|M.Sc Student||Yael Lupu|
|Subject||Development and Characterization of a Bioactive Ceramic|
Scaffold Conjugated with PLAG Particles for Bone
|Department||Department of Biotechnology and Food Engineering||Supervisor||Full Professors Machluf Marcelle|
|Full Thesis text|
Loss of bone tissue results in slow healing or large non-healing fractures and often require bone grafting procedures. Bone tissue engineering, is an alternative approach which combines three-dimensional scaffolds with cells and essential growth factors. Composite scaffolds for bone tissue engineering made of a ceramic and a polymeric component are ideal as they combine osteoinductive properties with the ability of growth factors delivery.
In our study we aimed to develop a composite of PLGA and ZrO2 scaffold for bone tissue engineering. PLGA particles have been devised to release bone morphogenetic protein-2 (BMP-2), as this is an expensive growth factor that is crucial for bone formation. First, we focused on optimizing the encapsulation process and found that by changing the polymer's molecular weight and monomer ratio, we can control parameters such as loading, release and size of the microspheres. After the optimization studies, BMP-2 was encapsulated in PLGA with a monomer ratio of 50:50 and medium molecular weight (0.55-0.75dL/gr). We found that the encapsulation efficiency of BMP-2 in a capped PLGA (94%) was higher than in the uncapped PLGA (25%).
Our next aim was incorporating the PLGA microspheres into the ZrO2 scaffold. In the first approach capped polymer microspheres were absorbed using vapors of an organic solvent. However, by this approach the microspheres were not firmly attached to the scaffold and were washed out. Therefore, we assessed a different approach in which uncapped PLGA particles were conjugated using carbodiimide chemistry. This led to attachment of high numbers of microspheres to the scaffold. Once achieving this aim, we have addressed the potential of this composite to be pre-seeded with hMSCs that are known to differentiate to the bone cell linage when exposed to BMP-2. Our results demonstrated that ZrO2 scaffolds support hMSCs growth and proliferation. Also our results demonstrated that the BMP-2 released from the PLGA microspheres retained its biological activity and increased osteoblastic marker expression in hMSCs.

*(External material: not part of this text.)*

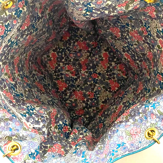 En venteSac cabas turquoise intérieur fleuri
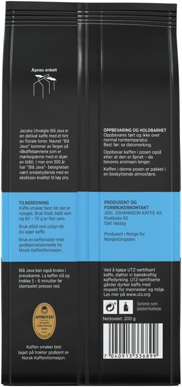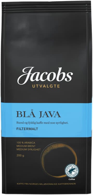 Jacobs Utvalgte Blå Java er en delikat kaffe med et hint av florale toner. Navnet «Blå Java» kommer av fargen på råkaffe-bønnene som er mørkegrønne med et skjær av blått. I mer enn 300 år har «Blå Java»- betegnelsen vært ensbetydende med en eksklusiv kvalitet til høy pris. Kaffen er UTZ-sertifisert. Ved å kjøpe UTZ-sertifisert kaffe, støtter vi bærekraftig kaffedyrking. UTZ-sertifiserte gårder dyrker kaffe med respekt for mennesker og miljø. Les mer på www.utz.org. Jacobs Utvalgte kaffe blir produsert på Norges miljøvennlige kaffebrenneri som ble åpnet i 2020. Brenneriet er hovedsakelig bygget i tre, og drives med 100% fornybar energi. Du kan lese mer om Norges miljøvennlige kaffebrenneri på www.johjohannsonkaffe.no. Vi samarbeider med Miljøfyrtårn og Grønt Punkt Norge for å tilby norske forbrukere miljøvennlig kaffe.

Finally, we aimed to prevascularive the ZrO2 scaffold by seeding endothelial cells. Prevascularization is essential as it helps overcome the nutrient and oxygen diffusion limit. Our results showed that co-culturing the ZrO2 scaffolds with hMSCs and HUVECs enabled cell adhesion and proliferation of both cell types.
To conclude, we successfully developed a delivery system of PLGA microspheres for biologically active BMP-2 that was incorporated into a ZrO2 scaffold. This composite scaffold could serve as a bone substitute for bone grafting applications.